Extenuating circumstances get in the way, too. In Bennington, the unsheltered count was delayed multiple times by bouts of rain and snow. In Brattleboro, two out of three outreach workers had COVID-19 during the count, said Karli Schrade, director of shelters at the Groundworks Collaborative.
The difficulty of counting people as they become unsheltered makes it difficult to predict what this year’s point-in-time count will reveal, Sosin, the researcher, said.
“It’s hard to anticipate what that count will look like,” she said.
High stakes
The murkiness surrounding this year’s count could later impact decision-making at both the state and federal levels.
The Vermont Department for Children and Families uses the annual count to help inform both funding and policy decisions, said Lily Sojourner, interim director of the department’s Office of Economic Opportunity, in an email. Sojourner was quick to point out the limitations of the count, though, and noted that the department uses reports from programs and caseload data to inform its decisions as well.

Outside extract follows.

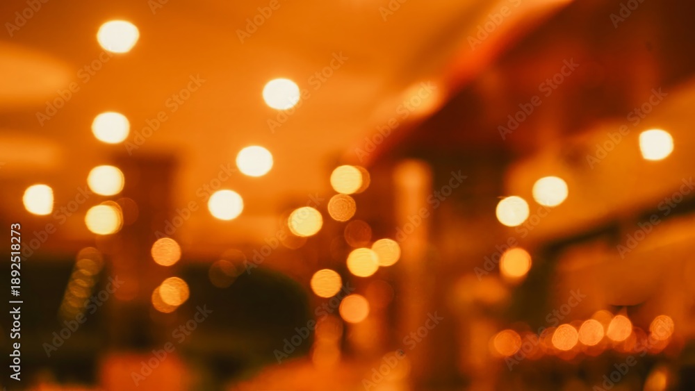 • Golden orange bokeh lights blurred background for festive atmosphere

The U.S. Department of Housing and Urban Development, which oversees the annual count, does not use point-in-time count data in any of its current funding formulas, according to Christine Baumann, a public affairs officer for HUD based in Boston. But when doling out grants, HUD does reward local coalitions that can demonstrate they have succeeded in reducing homelessness, as measured by the annual count, along with other data sources, Baumann said.
For Sosin, this year’s count comes during an inflection point for homelessness in Vermont, as lawmakers and the Scott administration debate over the fate of the pandemic-era motel voucher program — and what will come after it.
“If we begin to lose track of the numbers of people that are experiencing homelessness, that’s really going to undermine our efforts to bring to bear solutions at the scale that’s needed,” Sosin said.
At the end of a morning of counting in Bennington, Carelli’s team had found only one unsheltered person. Pulling back into the parking lot behind the family shelter, she said she hopes others have gotten counted as they’ve gone to the food shelf or the free clinic — but she knows they could be missing people. And if and when the motel programs phase out in a few months, she’s bracing for even more people to become unsheltered. That could both make the problem worse — and, as people scatter, harder to quantify.
“It’s going to be a crisis all over again,” she said. “It’s already a crisis. But it’s going to be… devastating.”